I sighed inwardly and made a mental note to humiliate him publicly as soon as possible.
“The one-bullet thing?” he said. “I do that for a reason. There’s entirely too much violence in the world today. Bullets work on the same principle as money—if you have it, you tend to spend it. I’d rather rely on my wits.”
He’d been backing up as he lectured. A moment later I heard the kitchen door slam. Two moments later I heard a car squeal its tires as it tore out of the alley onto the street that ran in front of the row house.
“Great!” I said to the empty house. “I get my ass kicked naked and lose my gun in the process.”
I shook my head, plucked the towel up off the hallway floor and headed for the phone. Every bone and muscle in my body ached, but nothing hurt as much as my pride. I’d let a group of punks, Jake Carpenter almost certainly one of them, break into the house and run, making a clean getaway. Damn!

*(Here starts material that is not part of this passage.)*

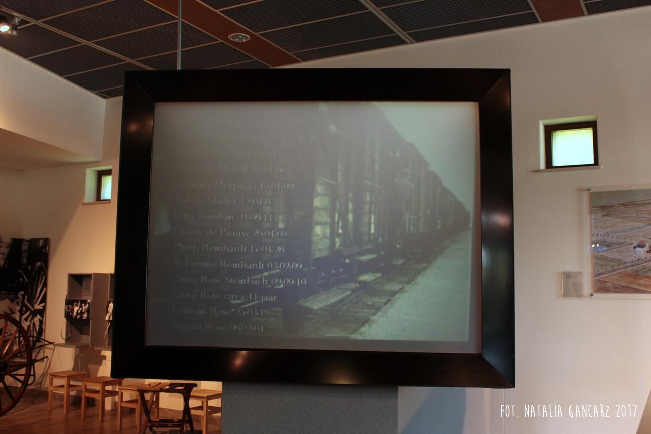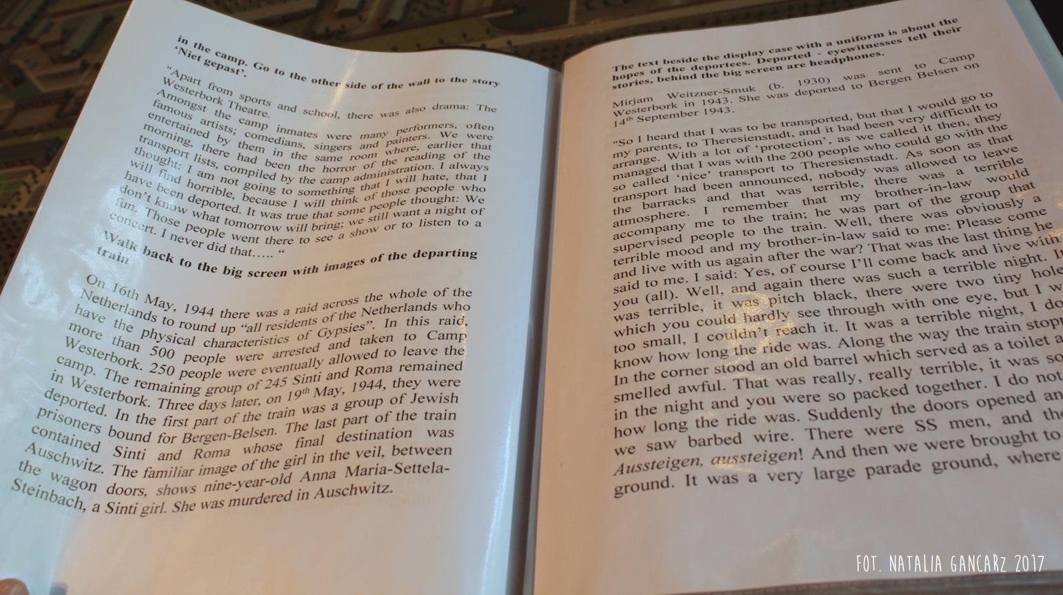 Elementy romskie pojawiają się na wystawie trzy-, czterokrotnie: fotografia Setteli tuż obok Anne Frank – na „portalu” otwierającym wystawę. Wspomniany stolik z otwartą walizką, która prezentuje postać i historię Anny-Marii Steinbach, zwanej Settelą. Po trzecie, na terenie wystawy znajduje się także ściana wypełniona maksymalnie „zdjęciami rodzinnymi”. Są tam umieszczone zdjęcia: małżeństw, rodzin, dzieci, w różnego typu, kroju i koloru ramkach, które sprawiają wrażenie prawdziwej ściany w jakiejś przedwojennej kamienicy Amsterdamu… (podejrzewam, że można na niej znaleźć także fotografie cygańskie, ale wymagałoby to dłuższych analiz, a na to zabrakło czasu). Ostatnim elementem, spajającym w całość obóz Westerbork i jego Miejsce Pamięci, w tym także Muzeum, jak również łączący wszystkie wspomniane wątki: codziennego życia, ukrywania się, deportacji, Żydów, Cyganów, dorosłych, dzieci – a przede wszystkim oddające cześć konkretnym ofiarom obozu, poszczególnym osobom, które miały swoje nazwiska jest film – „102 000 imion”.
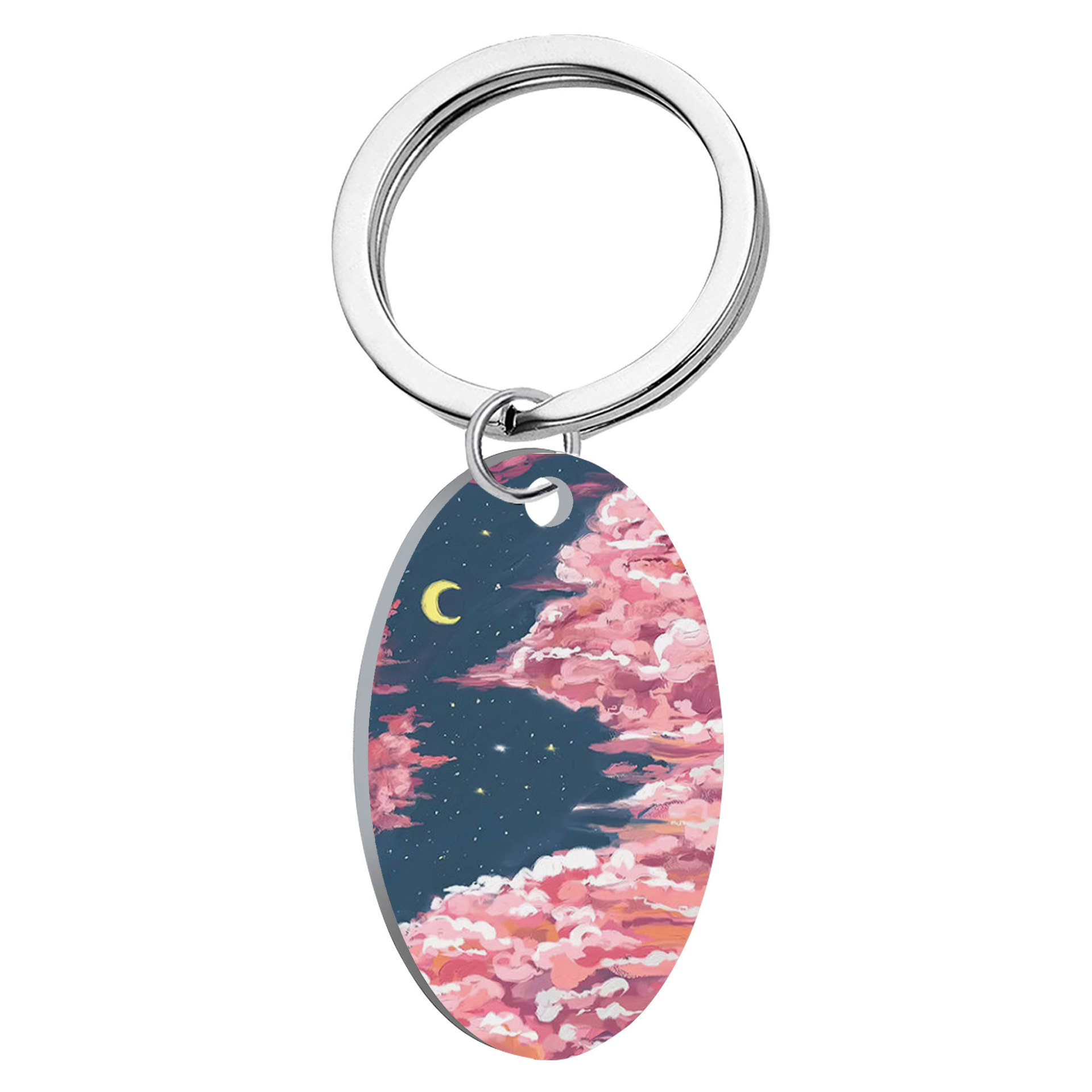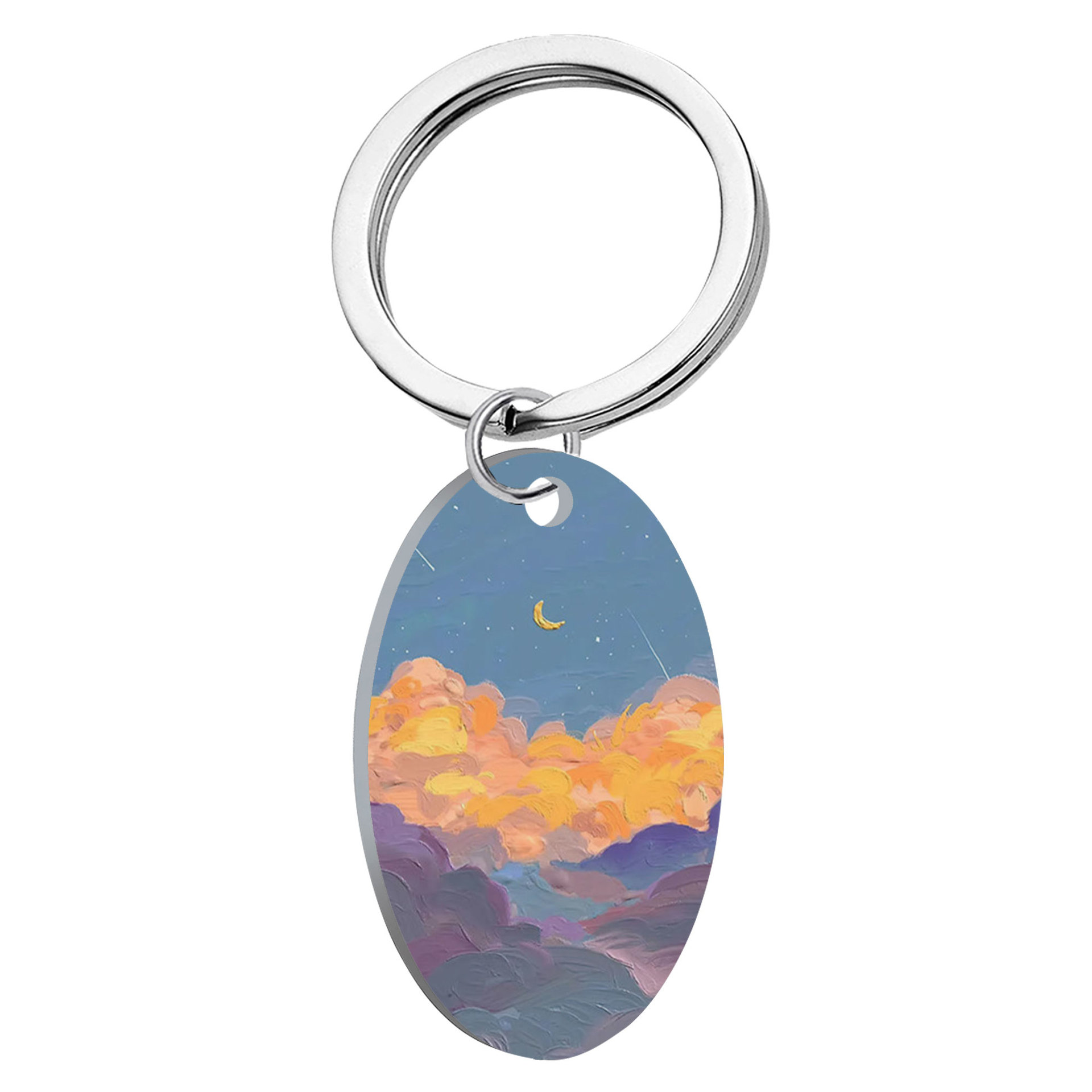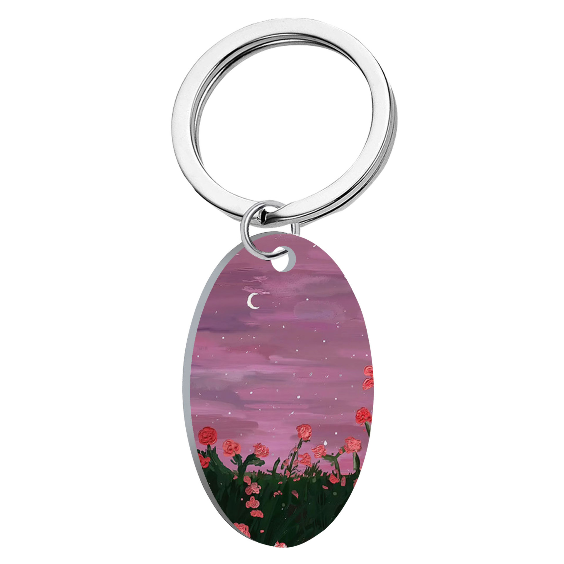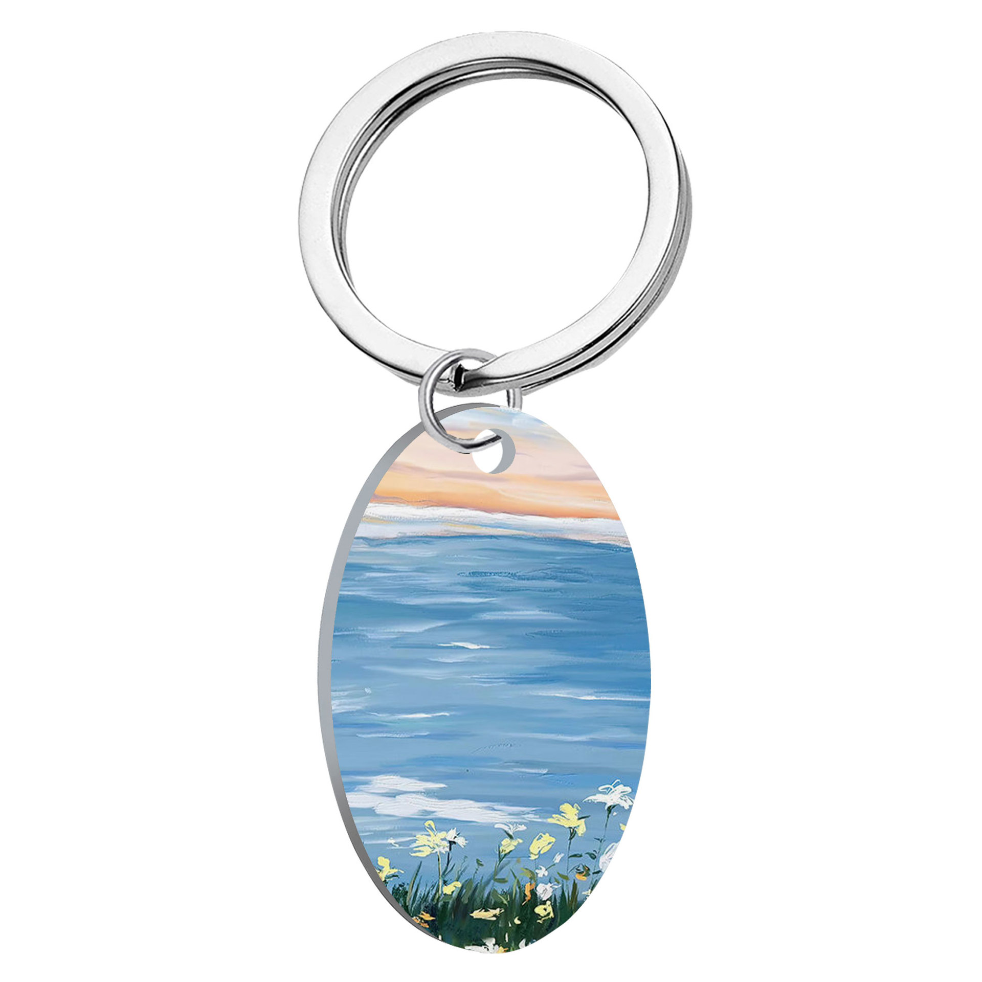 Sleutelhanger, 304 roestvrij staal, Ovaal, het drukken, uniseks & verschillende ontwerpen voor de keuze, 70x50mm, Verkocht door PC

I limped into the kitchen, picked up the phone and dialed.
“911 operator,” the voice answered. “Do you have an emergency?”
A few smart-assed responses came to mind before I finally managed to say, “There’s been a break-in at 361 Mary Street.”
“Is anyone injured?” the voice asked in a perfectly unconcerned monotone.
“It’s nothing I won’t live through,” I said, and hung up.
By the time the uniforms arrived, I was dressed and disturbing the crime scene. I was trying to find out what, if anything other than my weapon, was missing. I wanted to know why Jake had taken the risk of breaking into Aunt Lucy’s house in broad daylight, but I thought I already knew. I figured he was looking for the papers I’d found in Uncle Benny’s workroom.
When I’d accused him of owing Uncle Benny money, he must’ve known I’d found the agreement. He was probably trying to remove any sign that Uncle Benny had lent him money. Maybe he planned to deny he owed the family a dime.